BEGIN Input data
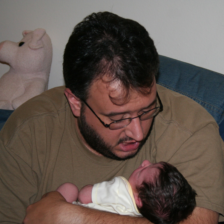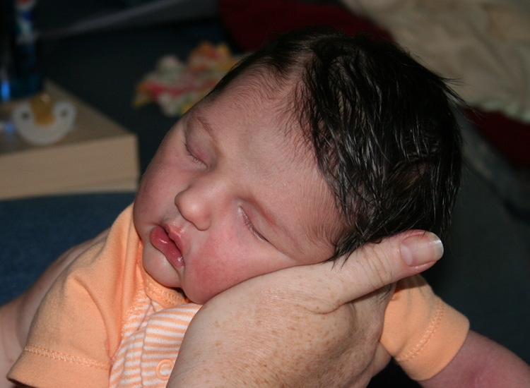 ![]() ![]() Zoe sleeping. She does that... a lot. ![]() Zoe taking one of her first baths. She wasn't sure what was going on, but is slowly getting the idea. ![]() Drying her off from her bath. She likes to suck on towels. Notice how her hair is curly? It'll straighten out in about an hour. ![]() Zoe all set for a big day. ![]() My dad is finally over his cold and finally gets to hold his first granddaughter. He's a happy man. ![]() Zoe isn't even 2 weeks old in this picture, but her feet are already 3.75 inches (9.5 cm) long. ![]() Here, Zoe is relaxing on mom's lap, just looking around. ![]() Since I'm off work, I don't have to shave. But will Zoe recognize me without the beard? ![]() Zoe loves to sleep with us in bed. Especially because Val and I are both nice and cozy. ![]() "Daddy, I'm ready for my close-up!" |
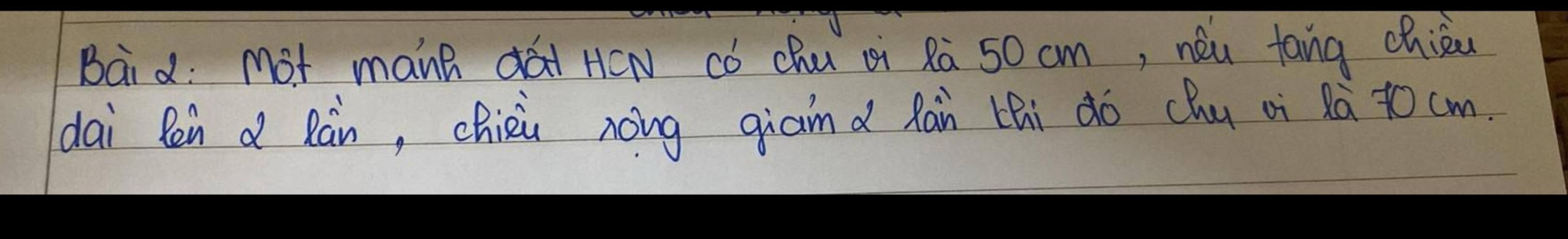 Vì chu vi lúc sau là 70cm, nên ta có:
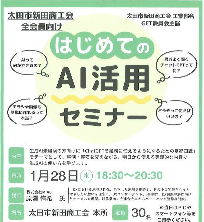 先日、地元の太田市新田商工会で開催された「はじめてのAI活用セミナー」に参加してきました 。
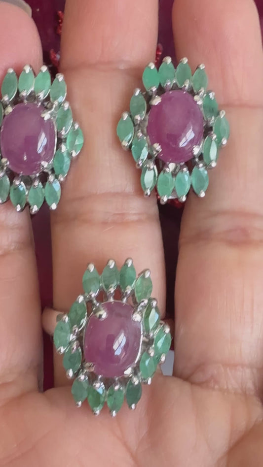 Juego de aretes y anillo Talla 8.5 en plata925 esmeraldas y rubí cabochon naturales
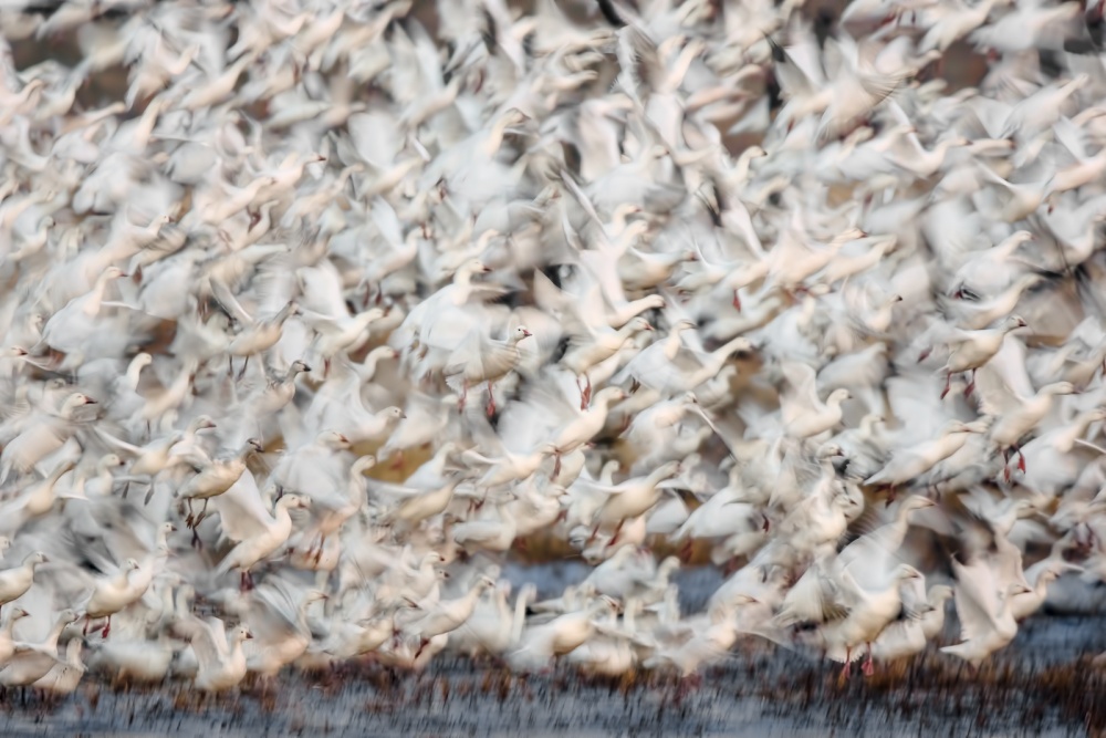 It was a chilly winter morning in New Mexico when I was photographing cranes and snow geese. The cranes had rested over a swamp area during the night. Light fog hovered over the water at dawn when the sun turned it into a steamy golden pond. I was immersed in the dreamy mood and asked myself - how do I enhance the dream? I envisioned an image in which birds fly over the water and they were blurry as if they were flying in a dream... My experience told me that the cranes would take off soon after the sunrise and they would take off in a direction that was against the wind. So I aimed the camera to the area in the predicted flight path of the cranes, set the manual focus at the distance I predicted, locked down the camera on the tripod, and used ISO200, F16, 1/6 second shutter speed. I have photographed cranes with slow shutter speed in many occasions. I knew that the cranes would appear blurry whilst still maintaining some detail at this speed. This was almost a typical technique I would use for landscape work, except I set the camera at a high-speed continuous shooting mode.
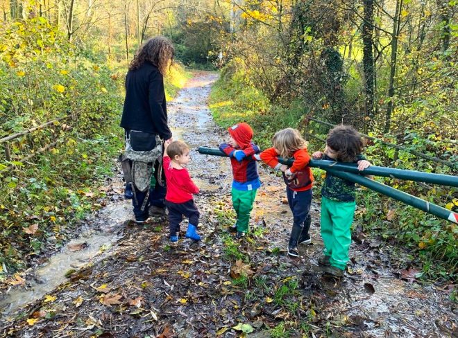 Un esempio concreto di questa circolarità viene dal tema della neurodiversità. Come ti anticipavo prima, negli ultimi anni famiglie e accompagnatori del bosco hanno espresso l’esigenza di strumenti specifici per riconoscere e rispondere ai bisogni deə bambinə neurodivergentə all’aperto. Da qui è nata l’idea di realizzare una ricerca partecipativa che ha coinvolto quasi una trentina di realtà educative che si ispirano alla pedagogia del bosco. L’obiettivo della ricerca è stato quello di mettere a fuoco e discutere buone pratiche e criticità dei processi inclusivi in atto nelle varie realtà. Attualmente, sto organizzando incontri di presentazione della ricerca nelle realtà coinvolte per restituire i risultati di questo lavoro ai partecipanti e al territorio in cui operano.
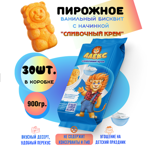 Пирожные бисквитные детские львенок Алекс, классический бисквит с начинкой "Сливочный крем" , набор 30 шт. по 30 г
END Input data
• _About this task_: Since the pictures are not wanted, copy only the text of the records above, exactly.

• _Result of this exercise_:
 ![]() ![]() Zoe sleeping. She does that... a lot. ![]() Zoe taking one of her first baths. She wasn't sure what was going on, but is slowly getting the idea. ![]() Drying her off from her bath. She likes to suck on towels. Notice how her hair is curly? It'll straighten out in about an hour. ![]() Zoe all set for a big day. ![]() My dad is finally over his cold and finally gets to hold his first granddaughter. He's a happy man. ![]() Zoe isn't even 2 weeks old in this picture, but her feet are already 3.75 inches (9.5 cm) long. ![]() Here, Zoe is relaxing on mom's lap, just looking around. ![]() Since I'm off work, I don't have to shave. But will Zoe recognize me without the beard? ![]() Zoe loves to sleep with us in bed. Especially because Val and I are both nice and cozy. ![]() "Daddy, I'm ready for my close-up!" |
 Vì chu vi lúc sau là 70cm, nên ta có:
 先日、地元の太田市新田商工会で開催された「はじめてのAI活用セミナー」に参加してきました 。
 Juego de aretes y anillo Talla 8.5 en plata925 esmeraldas y rubí cabochon naturales
 It was a chilly winter morning in New Mexico when I was photographing cranes and snow geese. The cranes had rested over a swamp area during the night. Light fog hovered over the water at dawn when the sun turned it into a steamy golden pond. I was immersed in the dreamy mood and asked myself - how do I enhance the dream? I envisioned an image in which birds fly over the water and they were blurry as if they were flying in a dream... My experience told me that the cranes would take off soon after the sunrise and they would take off in a direction that was against the wind. So I aimed the camera to the area in the predicted flight path of the cranes, set the manual focus at the distance I predicted, locked down the camera on the tripod, and used ISO200, F16, 1/6 second shutter speed. I have photographed cranes with slow shutter speed in many occasions. I knew that the cranes would appear blurry whilst still maintaining some detail at this speed. This was almost a typical technique I would use for landscape work, except I set the camera at a high-speed continuous shooting mode.
 Un esempio concreto di questa circolarità viene dal tema della neurodiversità. Come ti anticipavo prima, negli ultimi anni famiglie e accompagnatori del bosco hanno espresso l’esigenza di strumenti specifici per riconoscere e rispondere ai bisogni deə bambinə neurodivergentə all’aperto. Da qui è nata l’idea di realizzare una ricerca partecipativa che ha coinvolto quasi una trentina di realtà educative che si ispirano alla pedagogia del bosco. L’obiettivo della ricerca è stato quello di mettere a fuoco e discutere buone pratiche e criticità dei processi inclusivi in atto nelle varie realtà. Attualmente, sto organizzando incontri di presentazione della ricerca nelle realtà coinvolte per restituire i risultati di questo lavoro ai partecipanti e al territorio in cui operano.
 Пирожные бисквитные детские львенок Алекс, классический бисквит с начинкой "Сливочный крем" , набор 30 шт. по 30 г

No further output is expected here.